I was not in a mood for cooking anything elaborate, but again I'm not a dal-chawal person, so made my favorite Egg Curry, the Bengali way. It is quick, easy and yummy. We call it Dim Kosha in Bengali. Hard boiled eggs in an onion and tomato based thick gravy with loads of garlic and chilies. I am always a big fan of any egg dishes, boiled, poached, fried, omelet, curries...all are welcome.
This egg curry needs only a few basic ingredients, but first thing first, to make this curry you need to make hard boiled eggs. Now what's the big deal about that? Here comes a confession, there was a time when, everytime I used to make hard boiled eggs they used to crack. And even if they didn't crack, I found it difficult to peel them smoothly. With time I found few simple techniques that make the egg job much easier. The most common reason why eggs crack is temperature, we store eggs in refrigerator and if you put the cold eggs in hot water they will definitely crack. So take a deep pan filled with cold water, dip the uncooked eggs in the pan and heat over low heat. After 5-6 min, increase the heat to medium-high and let it boil, keep it boiling for 6-8 min. Remove from heat, transfer the eggs into cold water. Crack the eggs and peel. I'm sure you will be thrilled to get perfectly done eggs without any mess. Make sure you are using good quality fresh eggs. Store eggs in the egg carton or the egg counter on the fridge with the pointed end down.

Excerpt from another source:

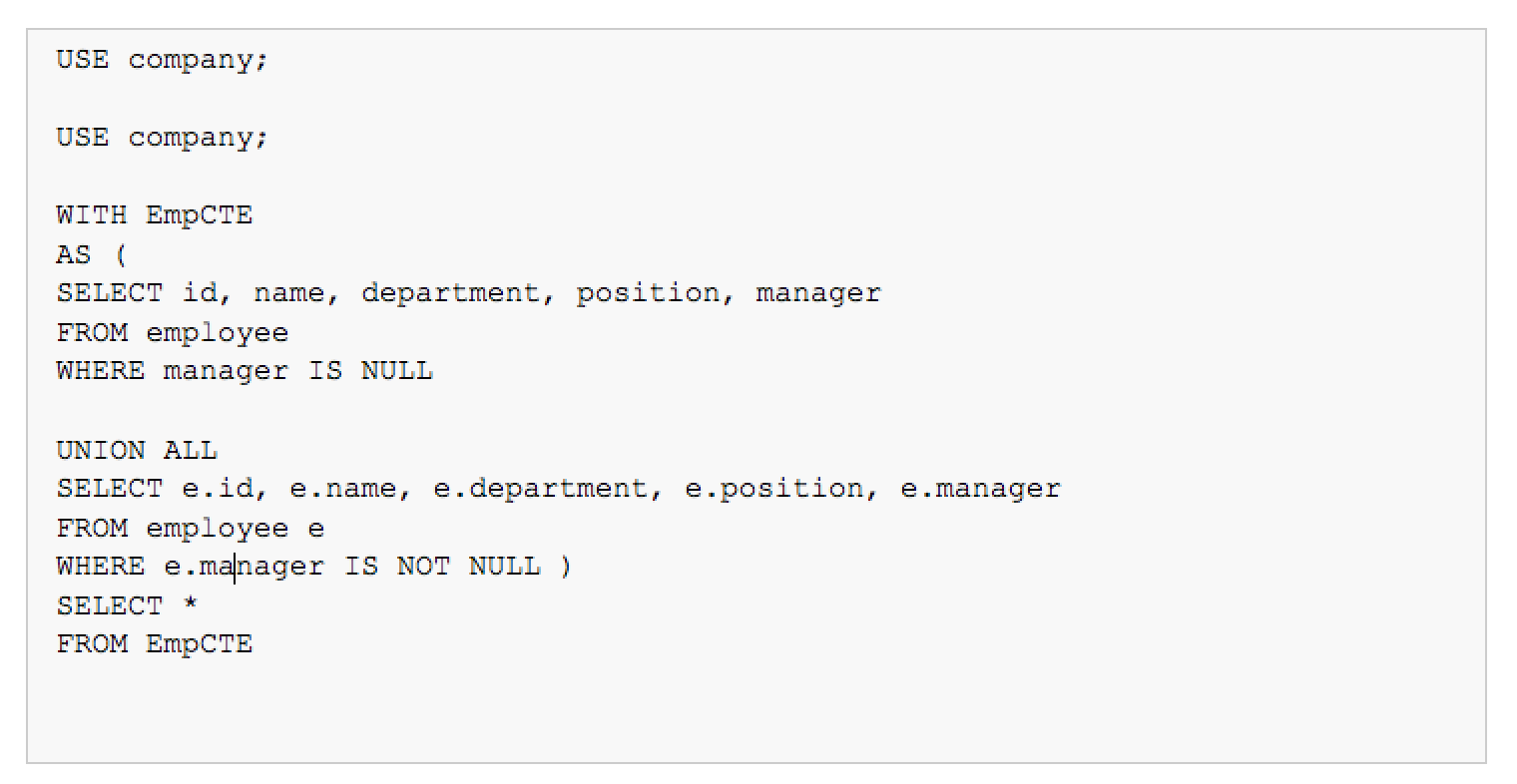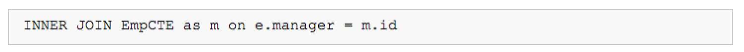 Next, we added an INNER JOIN in the recursive query which binds the results of the anchor query to the recursive query. The recursive query iterates over each record retrieved by the anchor query and finds the records of the subordinates. This is achieved by the following INNER JOIN:
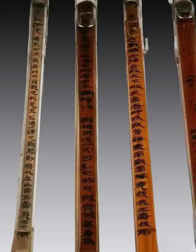 能看到好多根竹简,出土于银雀山汉墓,是新中国30年十大考古发现,与失传近两千年的《孙膑兵法》同墓出土。

So here is the spicy egg curry (dim kosha)I made for my lunch today.
Things needed to make Egg curry:
- Hard boiled eggs: 6
- Onion: 3 cups
- Garlic: 3 tbsp
- Tomato: 2
- Cumin powder: 2 tsp
- Turmeric powder: 2 tsp
- Red chili powder: 2 tbsp
- Kashmiri red chili powder: 1 tsp
- Green chilies: 3-4
- Salt to taste
- Sugar: 1 tsp
- Oil to cook
Steps of making Egg curry:
- Boil eggs, peel them, smear with little salt and turmeric powder, keep aside. I like to prick the boiled eggs with a toothpick or fork, to ensure the eggs get all the flavors from the curry.
- In a deep pan or kadhai heat a tablespoon of oil, preferably mustard oil. When the oil is hot fry the boiled eggs over high heat till the surface takes a nice brown color. Take out and keep aside.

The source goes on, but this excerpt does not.